* BRIEF
Reproduce exactly the line with "This is a brand" and every line that follows it below, up to and including the last one. Do not include pictures or anything else.
○ ○ ○ ○ ○
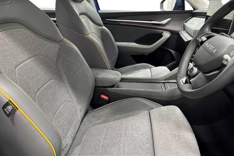 13" satellite navigation touchscreen display, Blind spot detection with door exit warning, Bluetooth system, ChatGPT functionality, Driver alert - Fatigue and drowsiness monitor, Dry display cleaner, Emergency call, Front and rear parking sensors, Front cross traffic assist, Lane assist, PAS, Rear traffic assist, Rear view camera, Tailgate unlocking from outside, Traffic sign recognition, USB C Port x 2 in front centre console, Virtual Cockpit - 10.25" digital display, Voice control system, Wireless charging for two smartphones (15W) with cooling function, Wireless SmartLink for Apple CarPlay and Android Auto, Stop/start function, 2x USB-C in the rear, 8 Speakers, DAB Digital radio, Aero front windscreen wipers with intermittent function, All weather light, Auto dimming rear view mirror, Black wheel arch surrounds, Body colour bumpers, Body colour door mirrors and handles, Cornering light and poor weather light, Electric folding /adjustable/separted heated/folding door mirrors, auto dimming with boarding sports and memory function, Electric front and rear windows, Exterior black decorative trims, Heat insulating glass in windshield, Heated rear window, Ice scraper in fuel tank cap, Invisible tailpipe, LED daytime running lights, LED front fog lamps, LED Headlights, LED rear fog light, LED rear lights, LED third brake light in rear spoiler, Light assistant with automatic headlight control and coming home feature, Logo projection in door mirrors, Rear roof spoiler, Rear side wing doors, Rear window wiper, Safety reflectors on front and rear doors, Unique dark chrome design logo on alloy wheels, Window control switches with black trim, Windscreen wipers with rain sensor, Without engine designation, 1.5l bottle holder points in all door, 1x centre rear reading light, 2 seat bench in 3rd row, 3 configurable smart dials with 32mm coloured display, 3 seat bench in 2nd row, 4 foldable roof handles with rear coat hooks, Ambient interior lighting - Dashboard, front-door stowage compartments, front and rear door panels and footwell lighting, Automatic gear selector on steering column, Chrome interior door handles, Driver/front passenger reading lights, Fabric headlining, Fixed bench 40:60:40 split folding backrests, Front and rear floor mats, Front centre armrest with jumbo box storage compartment, cup holder and 12V socket, Height adjustable front headrests, Isofix child seat fittings in outer middle row rear seats and front passenger with top tether, Manual height adjustment for front passenger seats and thigh support extender, Manual lumbar support for front passenger seat, Manually adjustable steering column, Pollen filter, Rear centre armrest with cupholders, Rear seat boot backrest release, Single front passenger seat, Skoda lettering on steering wheel, Storage pocket including mobile phone pockets on the backs of the front seats, Sunvisors with illuminated vanity mirrors, Three rear height adjustable headrests, Ticket holder on A Pillar, Tri zone climate control, Umbrella in door panel x1 made from sustainable materials, Upper and lower glovebox with card holder and coin compartment, USB C port by rear view mirror for charging only (15W), Variable boot floor, Auto door release and activation of warning lights in the event of an accident, Driver and front passenger airbag with knee airbag and front passenger airbag deactivation, Electric child locks, Electronic parking brake, ESC (incl. ABS+EMD+MSR+ASR+EDL+HBA+DSR+RBS+ESBS+MCB+TSA+XDS), Front assist with braking reaction to vehicles, pedestrians and cyclists, Front disc brakes, Fuel cut off safety device, Height adjustable front 3 point seatbelts + pretensioners, Hill hold assist, Junction assist with automatic emergency braking, Rear disc brakes, Safety vest holder in door, Seat belt reminder for all seats, Three point rear seat belts, Two tone horn, Tyre pressure monitor, Alarm with interior monitoring and tilt sensor with safe function, Anti-theft wheel bolts, Immobiliser, Remote central locking with 2 keys, Breakdown kit, Tool kit,
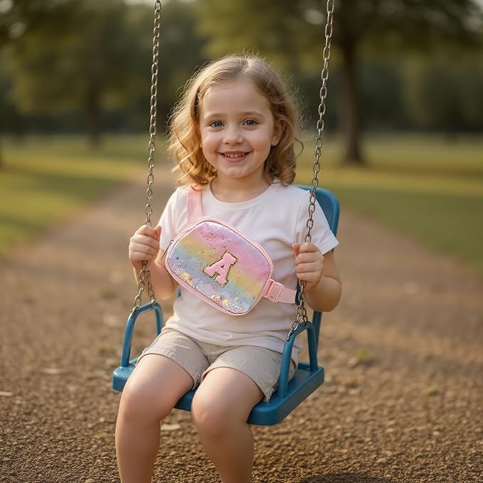 Fanny Pack for Girls,Birthday Easter Gifts,Chenille Initial Letter Girls Crossbody Bag,Preppy Teen Belt Bag for Graduation Travel Gifts,Cute Sequin Trendy Stuff.Pink-T
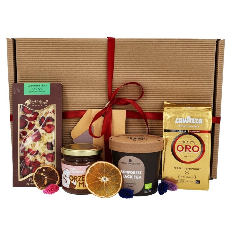 Zestaw prezentowy zamykany jest w karton wypełniony atrakcyjnym materiałem zabezpieczającym oraz ozdobami. Zamknięty zestaw dla maksymalnego bezpieczeństwa jest dodatkowo pakowany w karton. Dzięki temu zestaw prezentuje się elegancko i jest od razu gotowy do wręczenia.
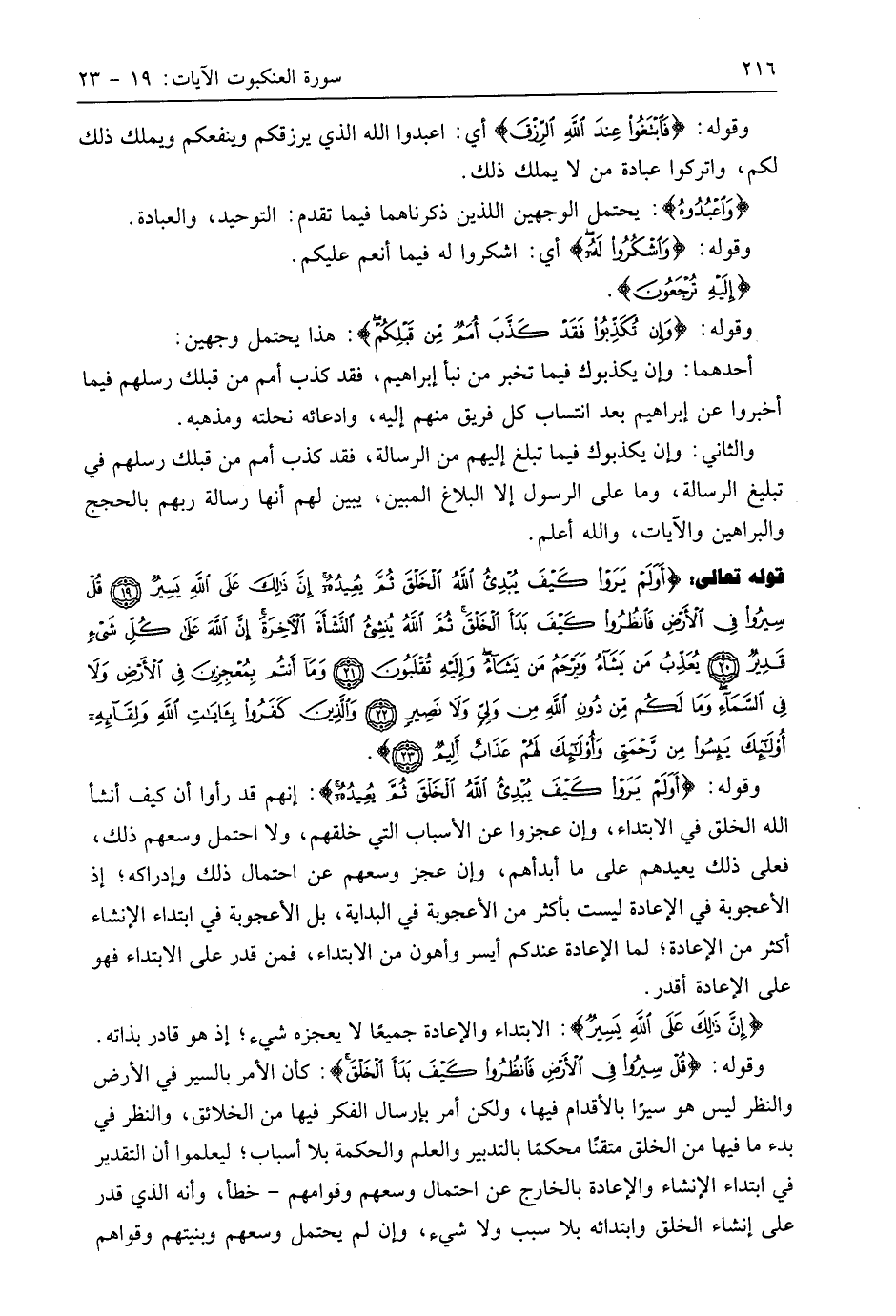 قوله تعالى: (أَوَلَمْ يَرَوْا كَيْفَ يُبْدِئُ اللَّهُ الْخَلْقَ ثُمَّ يُعِيدُهُ إِنَّ ذَلِكَ عَلَى اللَّهِ يَسِيرٌ (19) قُلْ سِيرُوا فِي الْأَرْضِ فَانْظُرُوا كَيْفَ بَدَأَ الْخَلْقَ ثُمَّ اللَّهُ يُنْشِئُ النَّشْأَةَ الْآخِرَةَ إِنَّ اللَّهَ عَلَى كُلِّ شَيْءٍ قَدِيرٌ (20) يُعَذِّبُ مَنْ يَشَاءُ وَيَرْحَمُ مَنْ يَشَاءُ وَإِلَيْهِ تُقْلَبُونَ (21) وَمَا أَنْتُمْ بِمُعْجِزِينَ فِي الْأَرْضِ وَلَا فِي السَّمَاءِ وَمَا لَكُمْ مِنْ دُونِ اللَّهِ مِنْ وَلِيٍّ وَلَا نَصِيرٍ (22) وَالَّذِينَ كَفَرُوا بِآيَاتِ اللَّهِ وَلِقَائِهِ أُولَئِكَ يَئِسُوا مِنْ رَحْمَتِي وَأُولَئِكَ لَهُمْ عَذَابٌ أَلِيمٌ (23)
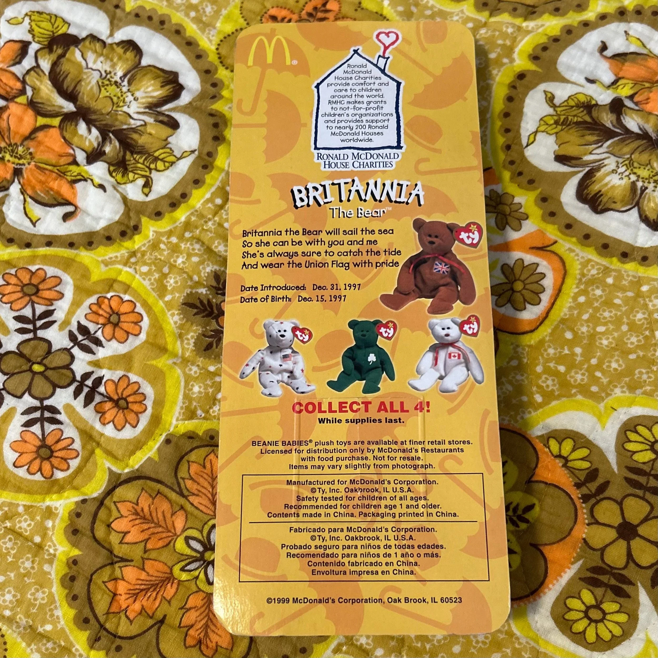 This is a brand new sealed Brittania Beanie Baby from the International Bears series in collaboration with McDonald's. It is in great condition with no flaws. Add it to your collection, gift it to a friend or loved one, or take it out and enjoy it yourself!
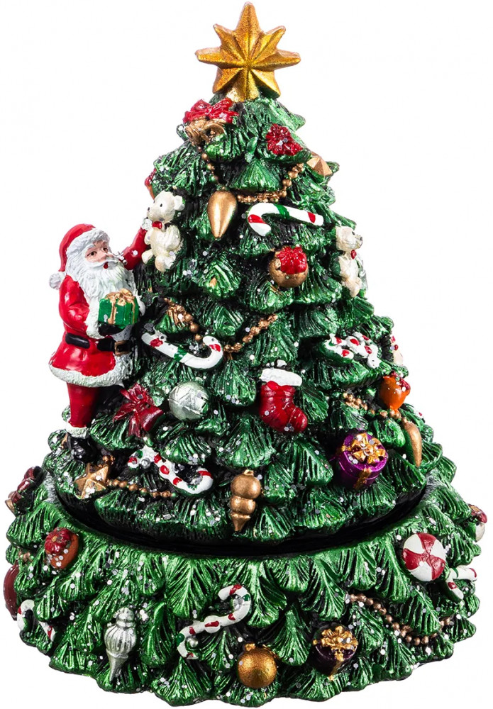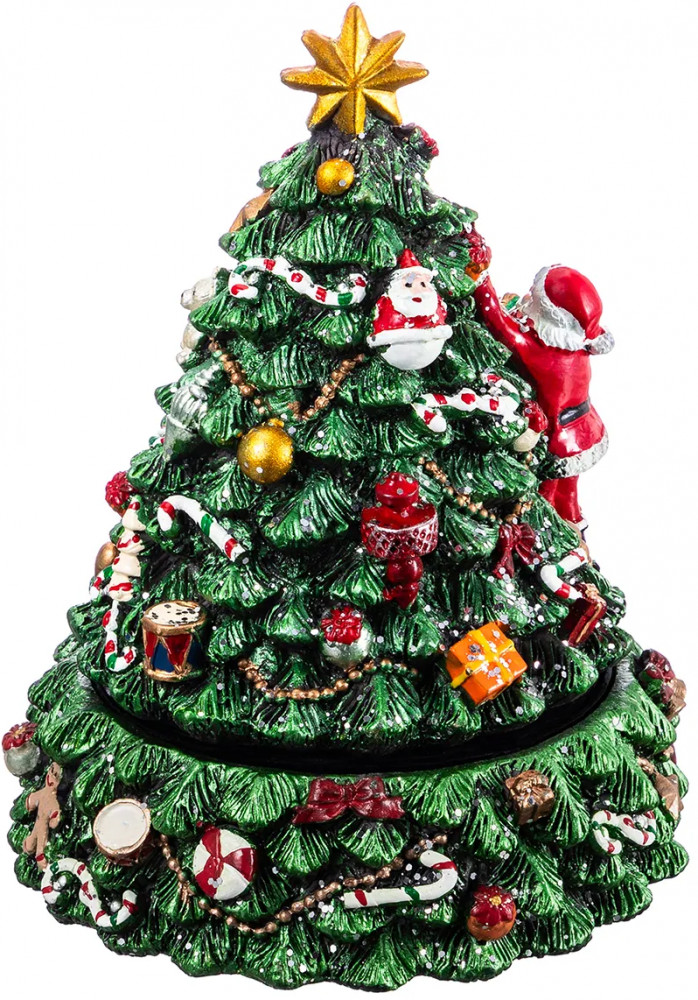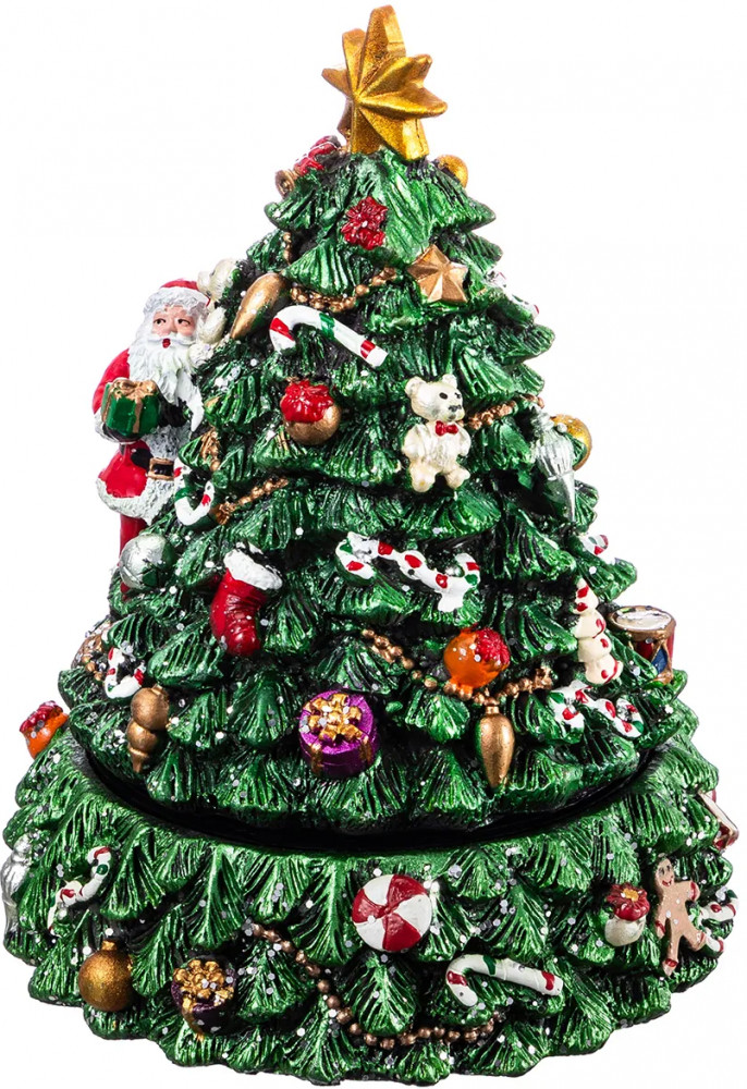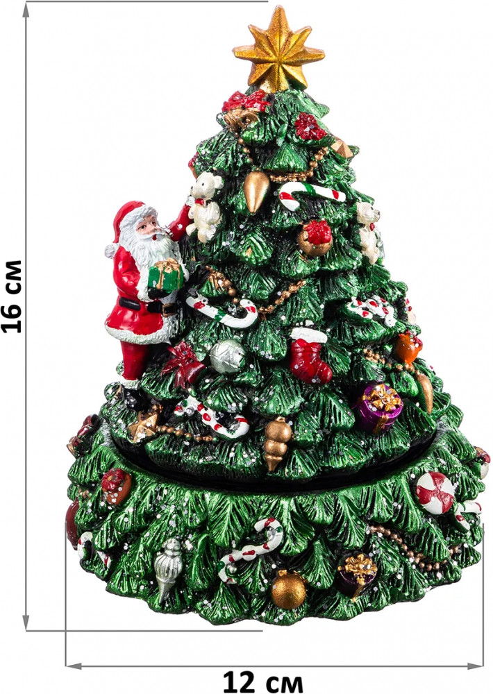 Музыкальная карусель «Рождественская ель» от Elan Gallery — это маленькое путешествие в дивный мир зимней сказки. Её размер — 12×12×16 см. Выполнена из полистоуна — современного материала, который славится своей прочностью, износостойкостью и устойчивостью к перепадам температур. Он не подвержен деформации и не выделяет вредных веществ. Полистоун легко поддаётся обработке, поэтому изделия из него отличаются высокой детализацией. На красивой зелёной ёлке развешаны новогодние украшения: шары, конфеты и другие символы праздника, а также большая фигурка Деда Мороза с подарком. Поверхность присыпана блёстками, напоминающими снежинки. Верхушку венчает большая золотая звезда. Основание оснащено мягким противоскользящим покрытием.
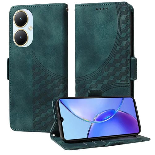 Para Vivo Y35M + / Y35 + / Y27 4G Funda para Teléfono de Cuero Estrellado con Rombos En Relieve (Verde)
○ ○ ○ ○ ○
* PROBLEM SOLUTION
 This is a brand new sealed Brittania Beanie Baby from the International Bears series in collaboration with McDonald's. It is in great condition with no flaws. Add it to your collection, gift it to a friend or loved one, or take it out and enjoy it yourself!
 Музыкальная карусель «Рождественская ель» от Elan Gallery — это маленькое путешествие в дивный мир зимней сказки. Её размер — 12×12×16 см. Выполнена из полистоуна — современного материала, который славится своей прочностью, износостойкостью и устойчивостью к перепадам температур. Он не подвержен деформации и не выделяет вредных веществ. Полистоун легко поддаётся обработке, поэтому изделия из него отличаются высокой детализацией. На красивой зелёной ёлке развешаны новогодние украшения: шары, конфеты и другие символы праздника, а также большая фигурка Деда Мороза с подарком. Поверхность присыпана блёстками, напоминающими снежинки. Верхушку венчает большая золотая звезда. Основание оснащено мягким противоскользящим покрытием.
 Para Vivo Y35M + / Y35 + / Y27 4G Funda para Teléfono de Cuero Estrellado con Rombos En Relieve (Verde)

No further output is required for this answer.